Dr. Charlie Weller is head of vaccines at the global charitable foundation Wellcome. We interviewed her as part of our #PassTheMic series. Here’s some of what she had to say.
With a disease like COVID-19, it doesn’t see borders. It doesn’t see different countries or types of people.
In 2019, no one knew anything about COVID, so these types of diseases really need a global solution. We’re seeing the amazing progress that certain countries are making, like Australia and New Zealand, but this still requires quite significant restrictions on what we call normal life.
We really see that the exit strategy for this pandemic is through science and having the tools that we need to bring this to an end.
When I talk about science being the exit strategy, this isn’t just about vaccines. It’s about having a holistic approach. We need as many tools as possible to try to bring this pandemic to an end. That means vaccines to protect people, therapeutics to cure people, and also diagnostics to understand who is infected and where and how it’s spreading.
We need global collaboration in order to develop these tools. If we don’t we could end up wasting time and energy, with duplication of effort and wasted money.
Priorities and challenges for a vaccine
Thinking about vaccines specifically, if countries move to an individual approach, to secure domestic access for future vaccines, the concern is that it would lead to unequal allocation of the vaccine.

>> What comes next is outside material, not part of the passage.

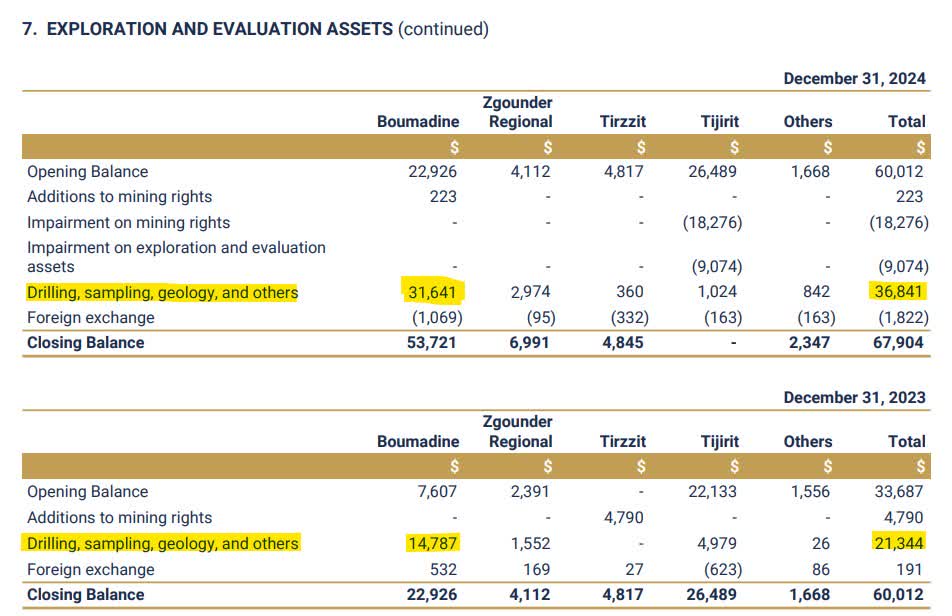 Over the last few years, Aya deployed a meaningful amount of capital to advance exploration on the property, notably with a 76,000-meter drilling program in 2023, followed by a 108,000-meter program in 2024. According to the company's guidance, another ~120,000-meter drilling program is planned for 2025. As illustrated below, Boumadine's drilling and other exploration expenses amounted to $14.8 million and $31.6 million in 2023 and 2024, respectively.
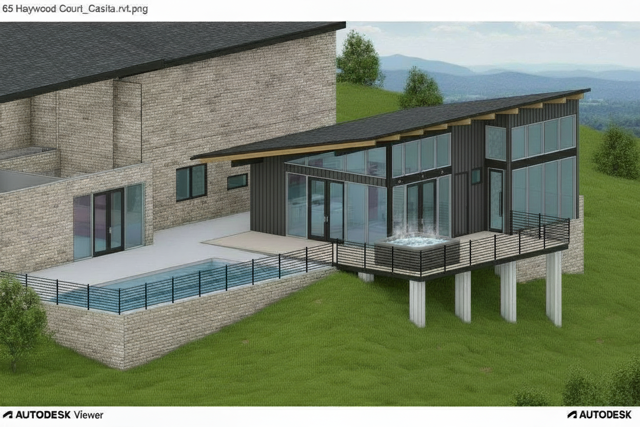 render this as an actual photo change the color of the deck where the hot tub sits to white oak wood panels on the left side second story of the main building add in an upper patio add windows to the second story of the main house

What that means is those who have the money will be able to access vaccines, but those who don’t, like lower to middle-income countries, won’t be able to.
However, there’s a bit of a caveat to this, because at this moment we’ve got over 150 vaccines in development, but we don’t know which ones are going to be effective. This is because of the speed we are trying to develop a vaccine (within 12-18 months, when it can normally take more than 10 years).
One of the ways of doing that is instead of waiting until we know which vaccine is effective to build a manufacturing facility, we’re making that manufacturing capability ready now. So, if the country takes an individual approach, they’ll be trying to work out now which vaccine groups are going to be the effectively successful ones at a time where we don’t have any information. What happens if they’re wrong, if they pick five different vaccines and all of them end up failing? That country is going to be in a place where it’s spent a lot of money and doesn’t necessarily have access to any vaccines at all.
So, a different approach would be to work with other countries, pool those risks, have a programme in a portfolio across multiple different countries, sharing that financial risk but also sharing the benefits.
The other piece of this is the scale. We’ve never had to develop a vaccine to this scale in anyone’s lifetime. There’s no road map for it. We talk about billions of doses normally with a vaccine that’s targeted to a few countries or for certain age groups. But here we’re looking at a vaccine potentially for everyone, and we’ve not had that challenge before.
My main priority is making sure that there is sufficient financing for research and to have a variety of different approaches to vaccine development.
My second priority is ensuring that we’re not just having clinical trials in high-income countries, but making sure that we understand whether these vaccines are as effective for low-income countries, people living with infection, and different age groups.
Something that I’m excited about is that we’ve got a variety of different vaccine approaches that are in development now. Science has really moved on in the last three to five years. I don’t think outside COVID there would be the impetus to try some of these new technologies in such a coordinated way. So it’s exciting to see the jump in science innovation that could help for future epidemics.
I’m most optimistic about the speed at which researchers around the world have learned about this virus and shared information. It gives me optimism that we will be able to bring this pandemic to an end.
I think the discussion that is ongoing around the world, especially with the next generation coming through education, is that there is a real positivity around the way in which science, vaccines, and epidemics are talked about. We might have a new generation of children wanting to be scientists.
These excerpts from the interview were edited for length and clarity.